1690. Stone Game VII

Problem Description

In this game, Alice and Bob are playing a turn-based game with an array (row) of stones. Each stone has a certain value associated with it. Alice starts first and at each turn, a player can remove either the leftmost or the rightmost stone. The score for each turn is calculated as the sum of values of the remaining stones in the array. The objective for Alice is to maximize the score difference by the end of the game, while Bob wants to minimize this difference. The final output should be the difference in scores between Alice and Bob if both play optimally. In other words, we are looking for the best strategy for both players such that Alice maximizes and Bob minimizes the end score difference, and we want to know what that difference is.


The intuition behind solving this problem lies in recognizing it as a dynamic programming (DP) problem and understanding game theory. Given that both players are playing optimally, we need to decide at each step which choice (taking the leftmost or rightmost stone) will lead to the best possible outcome for the player whose turn it is while considering that the other player will also play optimally.

Since the score that a player gets in their turn depends not just on their immediate decision but also on the remaining array of stones, this gives us a hint that we need a way to remember outcomes for particular situations to avoid redundant calculations. This kind of optimization is where dynamic programming shines.

The solution uses depth-first search (DFS) with memoization (or DP), which essentially remembers ('caches') the results of certain calculations (here, score differences for given i and j where i and j denote the current indices of the stones in the row that players can pick from).

The caching is achieved using the @cache decorator, which means that when the dfs function is called repeatedly with the same i, j arguments, it will not recompute the function but instead retrieve the result from an internal cache.

The 'dfs' function is designed to select the optimal move at each step. It does this by calculating the score difference when removing a stone from the left (denoted by 'a') and from the right (denoted by 'b'), and then choosing the maximum of these two for the player whose turn it is. This ensures that each player's move – whether it's Alice maximizing the score difference or Bob minimizing it – contributes to the overall optimal strategy.

Finally, the precomputed prefix sums (accumulate(stones, initial=0)) help to quickly calculate the sum of the remaining stones with constant time lookups, which significantly improves the performance of the algorithm. The intuition here is to optimize the sum calculation within the row of stones, as this operation is required repeatedly for determining scores.

Solution Approach

The solution to the problem leverages dynamic programming (DP) and depth-first search (DFS) to find the optimal moves for Alice and Bob.

Here's a walk-through of the implementation steps of the solution:

  1. Memoization with @cache: We begin by defining a recursive function dfs(i, j) which accepts two parameters indicating the indexes of the row from which the players can take stones. The @cache decorator is used to store the results of the function calls, ensuring that each unique state is only calculated once, thus reducing the number of repeat computations.

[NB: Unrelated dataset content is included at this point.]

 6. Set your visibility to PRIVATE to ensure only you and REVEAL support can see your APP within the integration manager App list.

  2. Base Case of Recursion: When the indices i and j cross each other (i > j), it means there are no stones left to be removed, and the function returns 0 as there are no more points to be scored.

  3. Recursive Case – Computing Scores:

    • a = s[j + 1] - s[i + 1] - dfs(i + 1, j) calculates the score difference if the leftmost stone is taken. It computes the sum of remaining stones using prefix sums and then subtracts the optimal result of the sub-problem where the leftmost has been removed (we advance i by 1).
    • b = s[j] - s[i] - dfs(i, j - 1) does the similar calculation for the rightmost stone.
  4. Choosing the Optimal Move: The function then returns the maximum of these two options, max(a, b). For Alice, this means maximizing the score difference, while for Bob, due to the recursive nature of the algorithm, this means choosing the move that minimally increases Alice's advantage.

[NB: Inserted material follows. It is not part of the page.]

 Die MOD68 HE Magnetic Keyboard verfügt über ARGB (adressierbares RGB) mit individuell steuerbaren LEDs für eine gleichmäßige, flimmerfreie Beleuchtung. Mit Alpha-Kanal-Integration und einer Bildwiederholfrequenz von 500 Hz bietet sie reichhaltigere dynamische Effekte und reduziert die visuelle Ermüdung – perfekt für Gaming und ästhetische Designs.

  5. Prefix Sums with accumulate: s = list(accumulate(stones, initial=0)) is used to create an array of prefix sums to speed up the calculation of the sum of the remaining stones.

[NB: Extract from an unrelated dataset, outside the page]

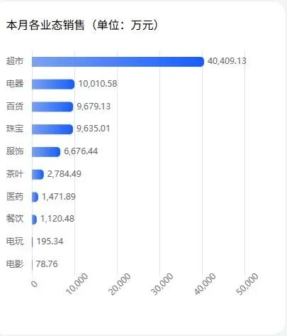 從本月各業(yè)態(tài)銷售表現(xiàn)來看,超市依然是主力選手,其銷售額約4.04億元;電器約1億元,百貨約9679萬元,珠寶約9635萬元,表現(xiàn)同樣亮眼。

  6. Computing the Answer: The main function then calls dfs(0, len(stones) - 1) to initiate the recursive calls starting from the whole array of stones. The final answer represents the best possible outcome of the difference in scores, assuming both Alice and Bob play optimally.

  7. Clearing the Cache (Optional): dfs.cache_clear() can be called to clear the cache if necessary, but it's optional and doesn't affect the output for this single-case computation.

By employing DP with memoization, the solution ensures that the computation for each sub-array of stones defined by indices i and j is only done once. Coupled with an optimally designed recursive function and the use of prefix sums for rapid summation, this approach considerably reduces the time complexity that would otherwise be exponential due to the overlapping subproblems present in naive recursion.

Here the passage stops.